- [Source material]
Content starts

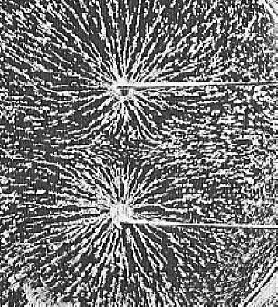 In this Radiation and Shadowing model of remote forces the electrostatic force field is caused by unbalanced,... opposing,... flows [ gradient ] existing in the E subspectra of the Prime radiation. The following photographs reveal the flow lines for the,... ambient,... sink ...and source cases. This model attributes these lines to the unbalanced flow of the Electrostatic subspectra radiation [ Pe ]. The popular standard physics model views these images as force fields and does not propose any cause for the existence of the lines or the force. Elongated satellites, using natural Gravity Gradient Stabilization, are responding to the unbalanced flow [gradient] of the Gravitational subspectra radiation in a manner similar to the polarized grass seeds seen in these photos. It should be recognized that the grains of matter, used to form these images, may cause a streaming effect that may not exactly represent the actual radiation flow lines.
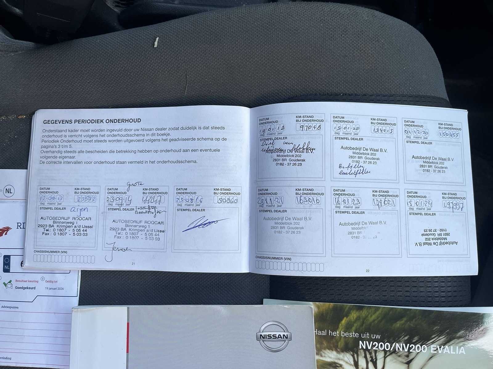 | CRUISE CONTROL | TREKHAAK | VOLLEDIG ONDERHOUDEN | SCHUIFDEUR RECHTS EN LINKS | ELEKTRISCHE RAMEN | Kenteken: 6-VST-72 Merk: Nissan Type: 1.5 dCi Acenta Model: NV200 Bouwjaar: 2012 Chassisnummer: VSKYBAM20U0033783 Afgelezen kilometerstand: 242646km Cilinderinhoud: 1461cc Vermogen (kW): 66kW Brandstof: Diesel Datum eerste toelating: 2012-01-11 Datum eerste toelating (NL): 2012-01-11 APK vervaldatum: 2026-01-19 NAP status: Logisch Aandrijving: Start en rijdt Transmissie: Handgeschakeld Aantal zitplaatsen: 2 Nationaliteit documenten: Nederland Stuurwiel: Linksgestuurd Bruto BPM (NL): 5970 Aantal sleutels: 1 Ledig gewicht: 1300kg Laadvermogen: 700kg Vermogen (pk): 89 Aantal cilinders: 4 Carrosserie: Gesloten opbouw Emissieklasse: 5 Onderhoudshistorie: Ja, aanwezig, danwel digitaal Startinformatie: Start en rijdt Maximaal trekgewicht ongeremd: 450 Maximaal trekgewicht geremd: 640
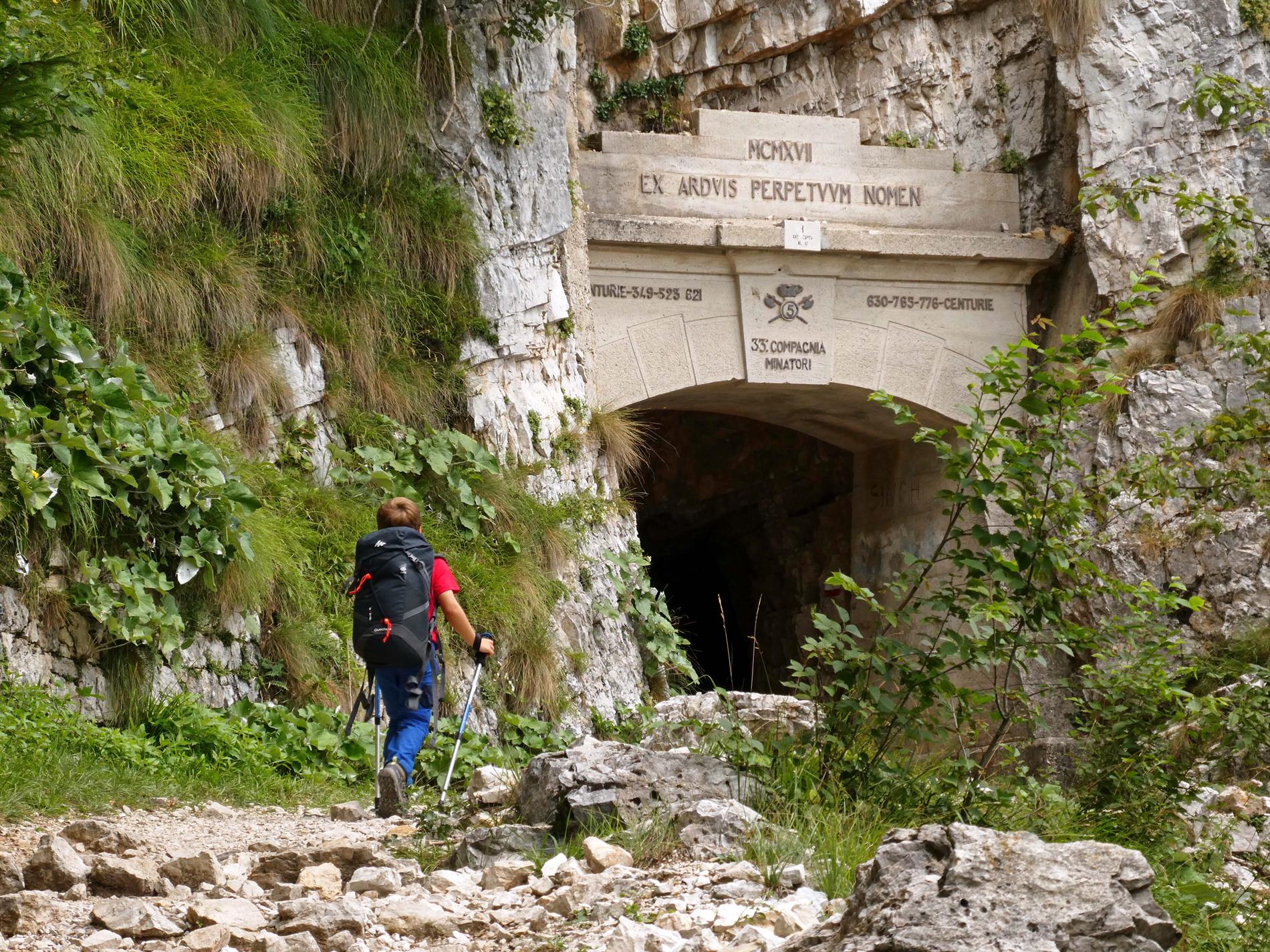 Iscrizione della 33ª Compagnia Minatori e delle Centurie Lavoratori sul portale monumentale della Strada delle 52 Gallerie - Bocchetta Campiglia

Content ends

- [Task brief]
What you return should be the whole listing, word for word, without its pictures.

- [Task output]
 In this Radiation and Shadowing model of remote forces the electrostatic force field is caused by unbalanced,... opposing,... flows [ gradient ] existing in the E subspectra of the Prime radiation. The following photographs reveal the flow lines for the,... ambient,... sink ...and source cases. This model attributes these lines to the unbalanced flow of the Electrostatic subspectra radiation [ Pe ]. The popular standard physics model views these images as force fields and does not propose any cause for the existence of the lines or the force. Elongated satellites, using natural Gravity Gradient Stabilization, are responding to the unbalanced flow [gradient] of the Gravitational subspectra radiation in a manner similar to the polarized grass seeds seen in these photos. It should be recognized that the grains of matter, used to form these images, may cause a streaming effect that may not exactly represent the actual radiation flow lines.
 | CRUISE CONTROL | TREKHAAK | VOLLEDIG ONDERHOUDEN | SCHUIFDEUR RECHTS EN LINKS | ELEKTRISCHE RAMEN | Kenteken: 6-VST-72 Merk: Nissan Type: 1.5 dCi Acenta Model: NV200 Bouwjaar: 2012 Chassisnummer: VSKYBAM20U0033783 Afgelezen kilometerstand: 242646km Cilinderinhoud: 1461cc Vermogen (kW): 66kW Brandstof: Diesel Datum eerste toelating: 2012-01-11 Datum eerste toelating (NL): 2012-01-11 APK vervaldatum: 2026-01-19 NAP status: Logisch Aandrijving: Start en rijdt Transmissie: Handgeschakeld Aantal zitplaatsen: 2 Nationaliteit documenten: Nederland Stuurwiel: Linksgestuurd Bruto BPM (NL): 5970 Aantal sleutels: 1 Ledig gewicht: 1300kg Laadvermogen: 700kg Vermogen (pk): 89 Aantal cilinders: 4 Carrosserie: Gesloten opbouw Emissieklasse: 5 Onderhoudshistorie: Ja, aanwezig, danwel digitaal Startinformatie: Start en rijdt Maximaal trekgewicht ongeremd: 450 Maximaal trekgewicht geremd: 640
 Iscrizione della 33ª Compagnia Minatori e delle Centurie Lavoratori sul portale monumentale della Strada delle 52 Gallerie - Bocchetta Campiglia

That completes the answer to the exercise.